GIVEN MATERIAL.
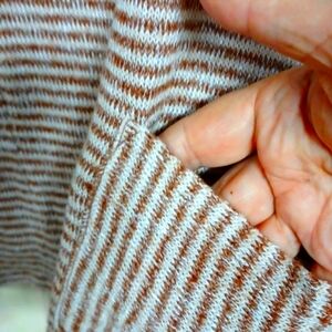 Very cute lightweight cream and brown striped sweater nice soft material, good condition, some pilling, one small area of thread, see pics. Medium but could fit large too I believe
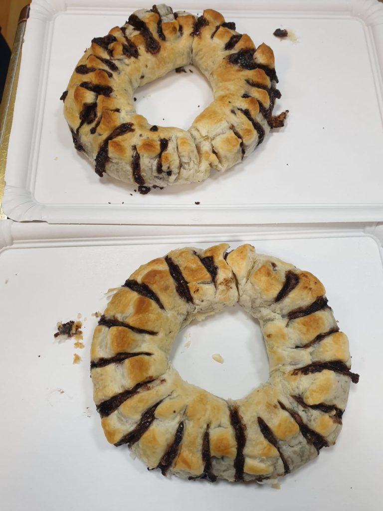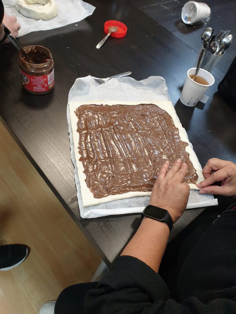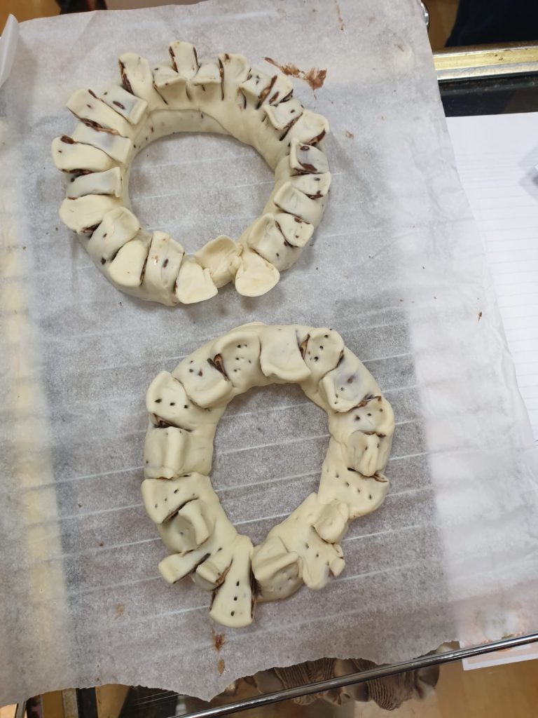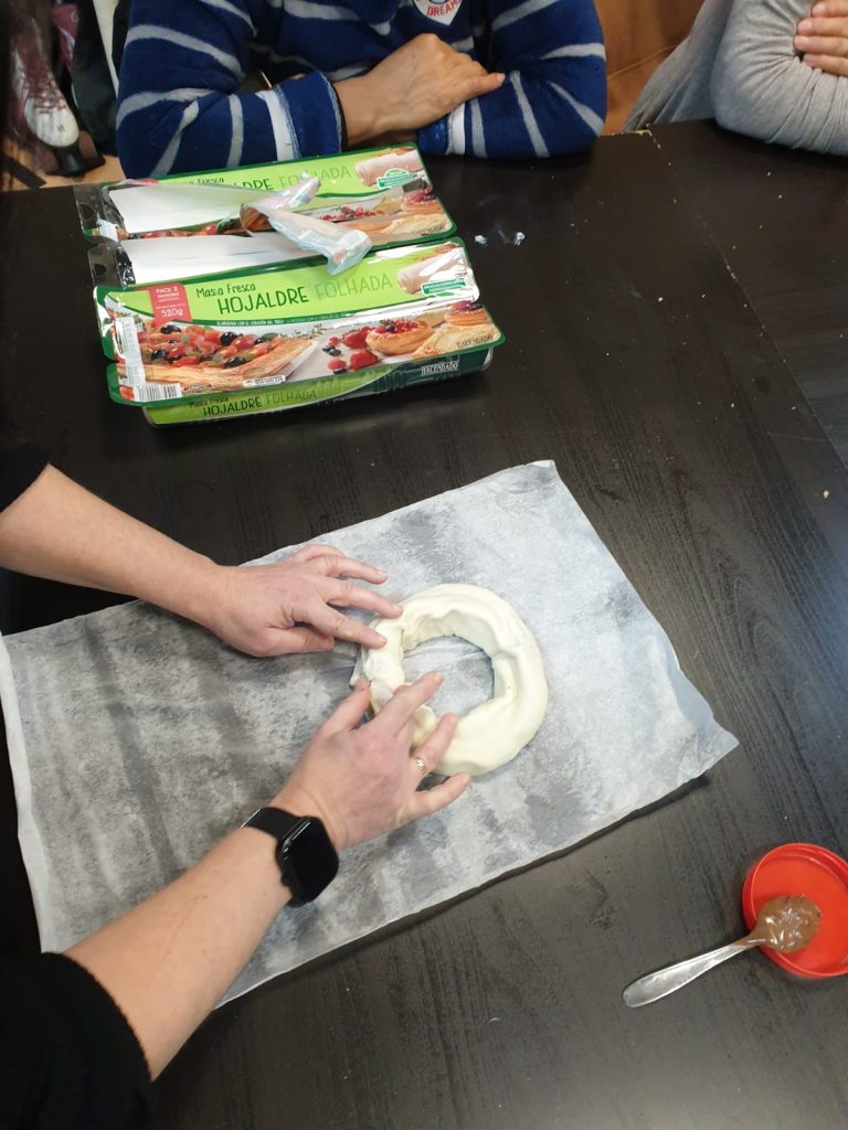 En el curso de repostería hoy se ha aprendido a hacer una corona de hojaldre.
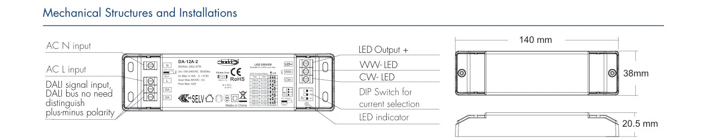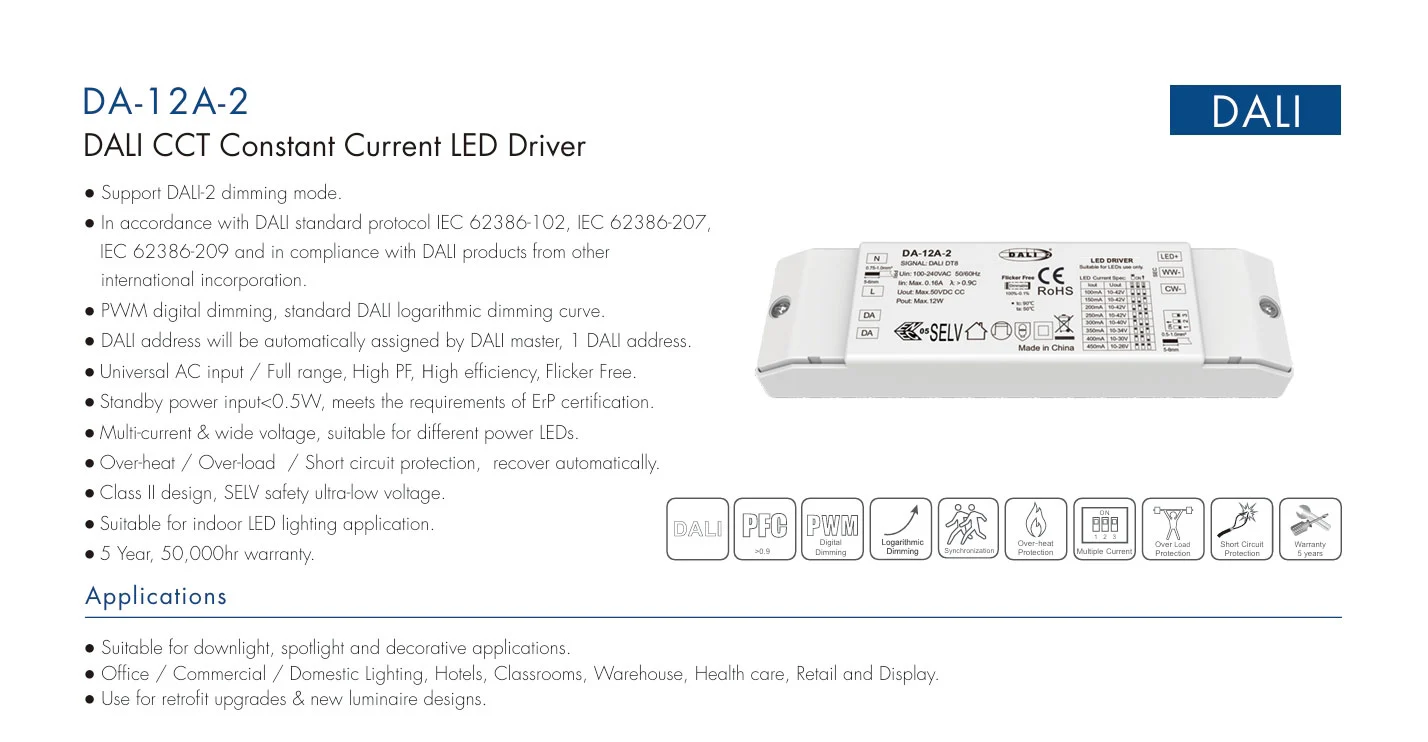 Housed in a compact IP20 case, this Dimmable LED Driver simplifies installation even in confined spaces such as LED profiles or fixture housings. By combining Constant Current output, broad CCT tuning, and industry-standard DALI-2 compatibility, it serves as an ideal and future-proof driver for tunable-white downlights, linear fixtures, and architectural lighting—seamlessly integrating into modern smart lighting ecosystems as a versatile Constant Current DALI CCT Dimmable LED Driver.
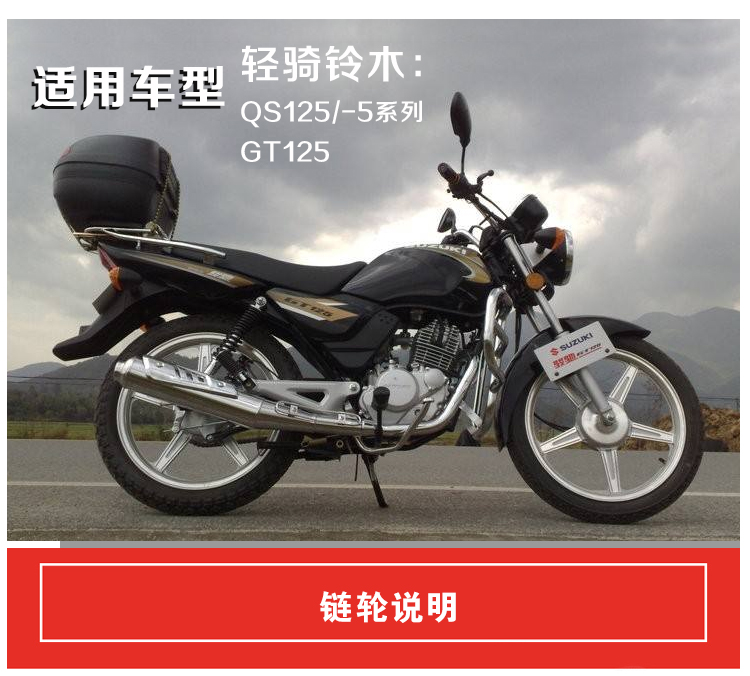 Qingqi Suzuki Junchi GT125 chain QS125-5-A-B-CEF size sprocket Chain front and rear gear large sprocket

YOUR TASK.
What you give back must be the data above, reproduced exactly and free of pictures.

OUTPUT FOR THIS EXERCISE.
 Very cute lightweight cream and brown striped sweater nice soft material, good condition, some pilling, one small area of thread, see pics. Medium but could fit large too I believe
 En el curso de repostería hoy se ha aprendido a hacer una corona de hojaldre.
 Housed in a compact IP20 case, this Dimmable LED Driver simplifies installation even in confined spaces such as LED profiles or fixture housings. By combining Constant Current output, broad CCT tuning, and industry-standard DALI-2 compatibility, it serves as an ideal and future-proof driver for tunable-white downlights, linear fixtures, and architectural lighting—seamlessly integrating into modern smart lighting ecosystems as a versatile Constant Current DALI CCT Dimmable LED Driver.
 Qingqi Suzuki Junchi GT125 chain QS125-5-A-B-CEF size sprocket Chain front and rear gear large sprocket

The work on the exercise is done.